KDnuggets Home » News » 2018 » Sep » Opinions » The Data Science of “Someone Like You” or Sentiment Analysis of Adele’s Songs ( 18:n35 )

The Data Science of “Someone Like You” or Sentiment Analysis of Adele’s Songs


An extensive analysis of Adele's songs using Natural Language Processing (NLP) on the lyrics, to uncover the underlying emotions and sentiments.



By Preetish Panda, Prompt Cloud.

Adele

Adele is one of the most famous contemporary singers and undoubtedly one of the few artists loved by people of all ages. Her album 21 received tremendous success and earned numerous mentions in the Guinness Book of World Records. Adele was also the first female artist to get two albums in the top five of the Billboard 200 at the same time and two singles in the top five of the Billboard Hot 100. As a lead artist she was the first woman in the history of the Billboard Hot 100 to have three simultaneous top 10 singles -- "Rolling in the Deep", "Someone Like You", and "Set Fire to the Rain".

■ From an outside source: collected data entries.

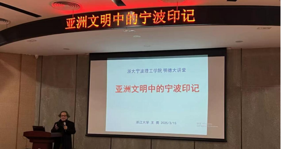 讲座中,浙江大学亚洲文明研究院副院长、求是特聘教授王勇以《亚洲文明中的宁波印记》为题,先从宁波的重要地理位置和日本奈良曾举办过的“圣地宁波展”出发,说明了自唐朝以来宁波作为国际港口在东亚历史中的重要作用,并列举了中日两国当时通过宁波市舶司进出口的各类货物,指出宁波是当时东亚物流枢纽。他又从古代宁波和博多的交流,日本人对宁波的恋地情结,纲首与工匠的中日交流等不同角度,对亚洲文明中的宁波进行了深入阐述。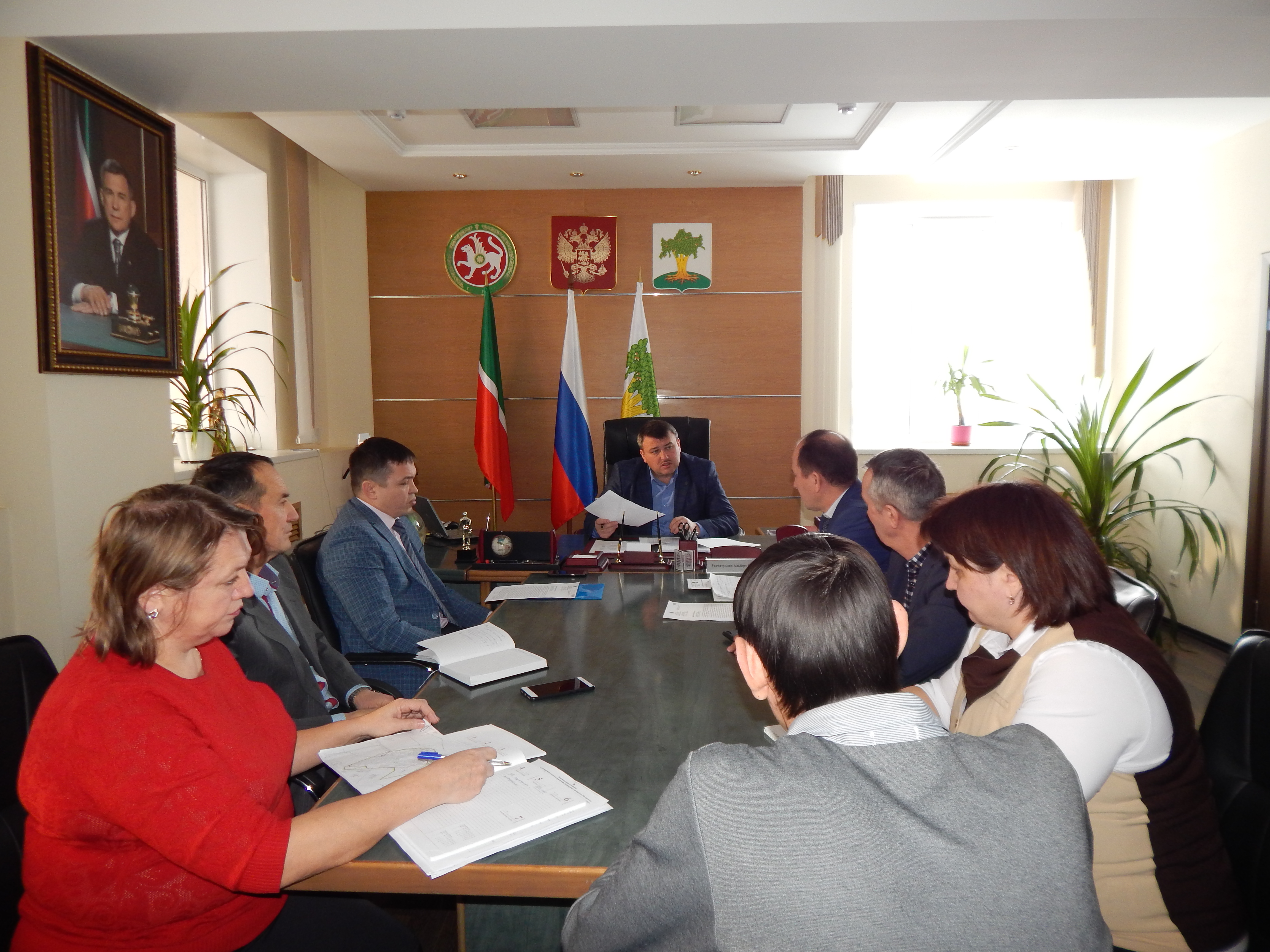 Бүген Олы Кайбычта район башлыгы Альберт Рәхмәтуллин каршында территориаль планлаштыру һәм шәһәр төзелеше зоналаштыру документларын раслау турында эшлекле киңәшмә узды.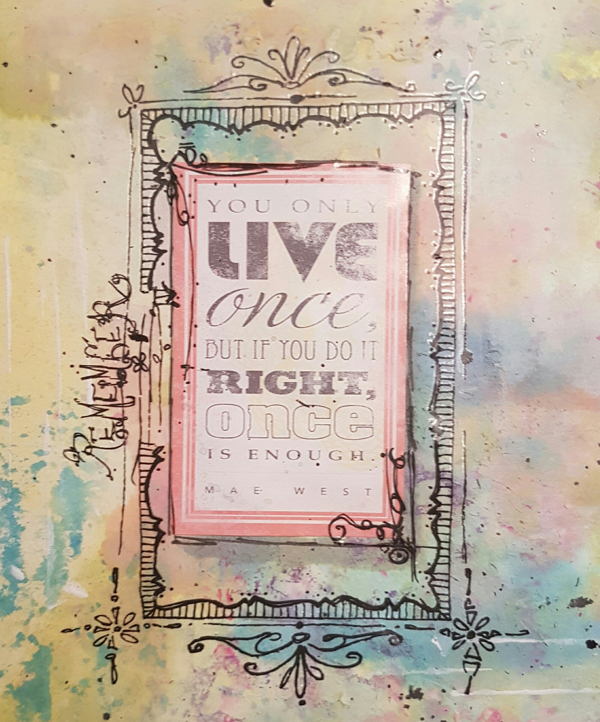 I finished the page off with a sticker quote and some rub ons and doodling. I also flicked some black ink onto the page and added little white lines using gesso.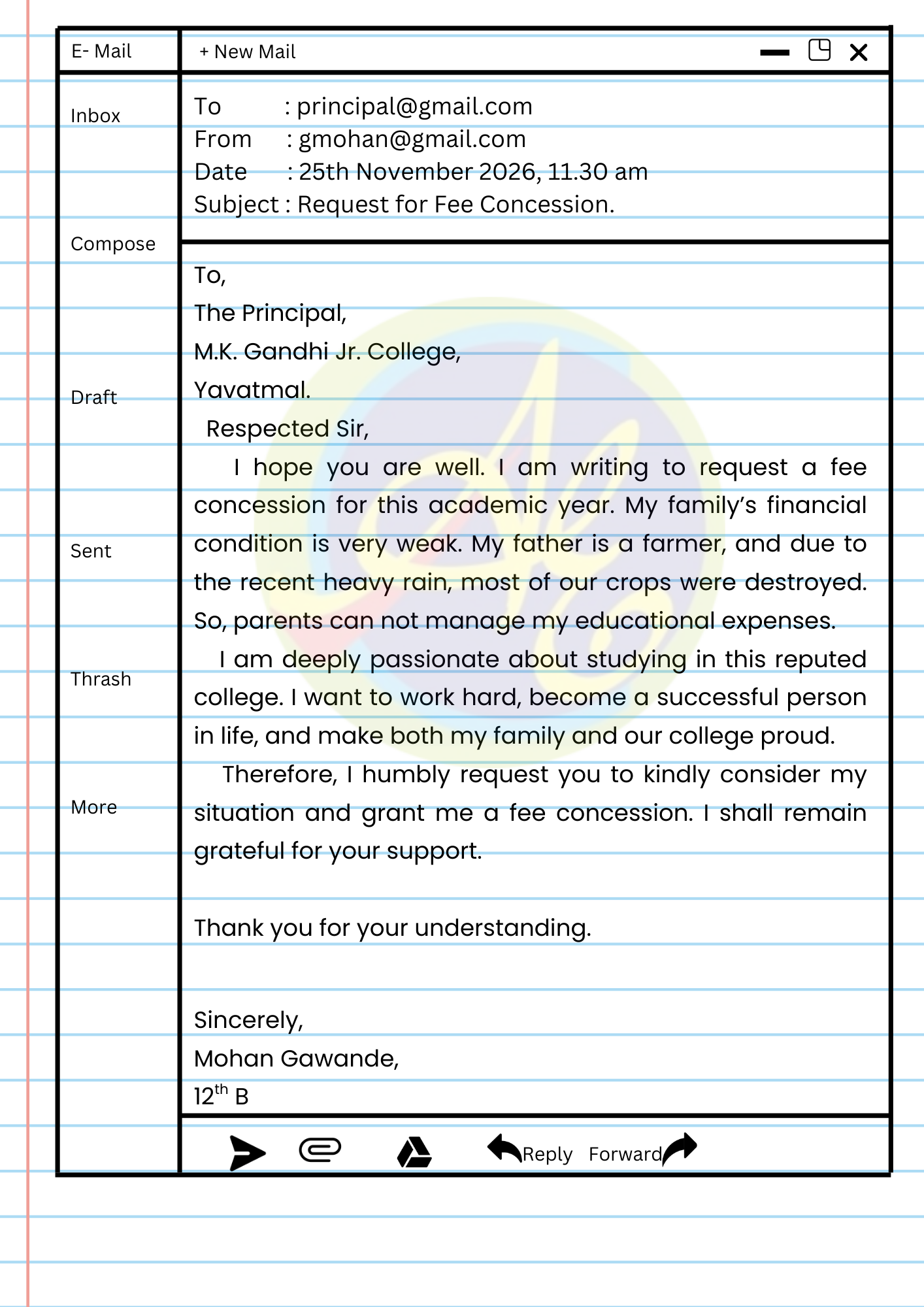 6] Draft an E-mail in a proper format to your Principal for Fee Concession.   (in about100-150 words)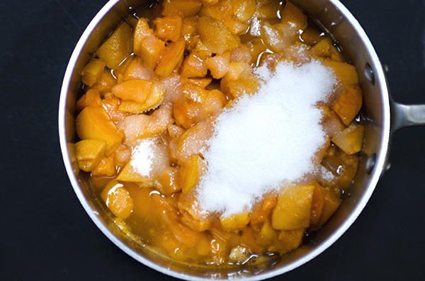 * Add apricots and water to a sauce pan. The fruit can boil up, so make sure your pan is large enough.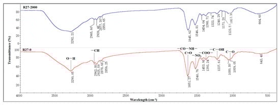 FTIR was employed to investigate the functional groups crucial for Cd absorption by the R27 cell surface. The R27 strain was cultured in an LB liquid medium with Cd concentrations of 0 mg/L and 2000 mg/L for a duration of 60 h at 37 °C, with stirring at 200 rpm. After centrifugation, R27 cells were harvested, vacuum-dried into a powder, and subsequently compressed into tablets at a 1:100 ratio for sample preparation. FTIR analysis was conducted using a Nicolet ls10 infrared spectrometer (ThermoFisher, Munich, ND, USA) according to the method of Iqbal et al. [30].
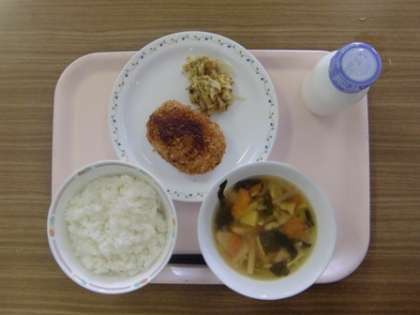 本日のメニューは、ごはん、ポテトコロッケ、よしの汁、白菜のおかかあえ、牛乳です。

Enough said about her singing prowess! What’s fascinating for us is the easy availability of her lyrics exposed by Genius API, audio features via Spotify’s API and the potential to analyze them. In this study, I’ll be performing sentiment analysis on her studio albums, i.e.,19, 21, 25.

Data set

The Genius.com API allowed me to download the lyrics and associated data points. In total the data set consists of 41 tracks and the following data fields:

  • artist name
  • album name
  • track title
  • track number
  • lyric text
  • line number

Goal

The goal of this study is to perform text mining techniques, specifically Natural Language Processing (NLP) on the lyrics to uncover the underlying emotions and sentiments. Given below are the specific questions we’ll answer:

  • What are the most frequent words used by her?
  • Which are the positive and negative words prevalent in her songs?
  • What are the overall sentiments expressed in her songs?
  • Which are the top words used to describe different emotions?
  • Which are the songs associated with different emotions?
  • What type of relationship exists between the emotions and the albums?
  • What does the valence score vary for her albums? (Spotify API will be used here)

Most frequent words

Let’s begin by loading the required packages. After that we will create a word cloud to get an overview of the word frequency.

 
library(geniusR)
library(magrittr)
library(purrr)
library(dplyr)
library(tidyr)
library(ggplot2)
library(tm)
library(wordcloud)
library(syuzhet)
library(circlize)
library(tidytext)
library(reshape2)

albums <-  tibble(
  artist = c(
    rep("Adele", 3)
  ),
  album = c(
    "19", "21","25"
  )
)

album_lyrics <- albums %>% 
  mutate(tracks = map2(artist, album, genius_album))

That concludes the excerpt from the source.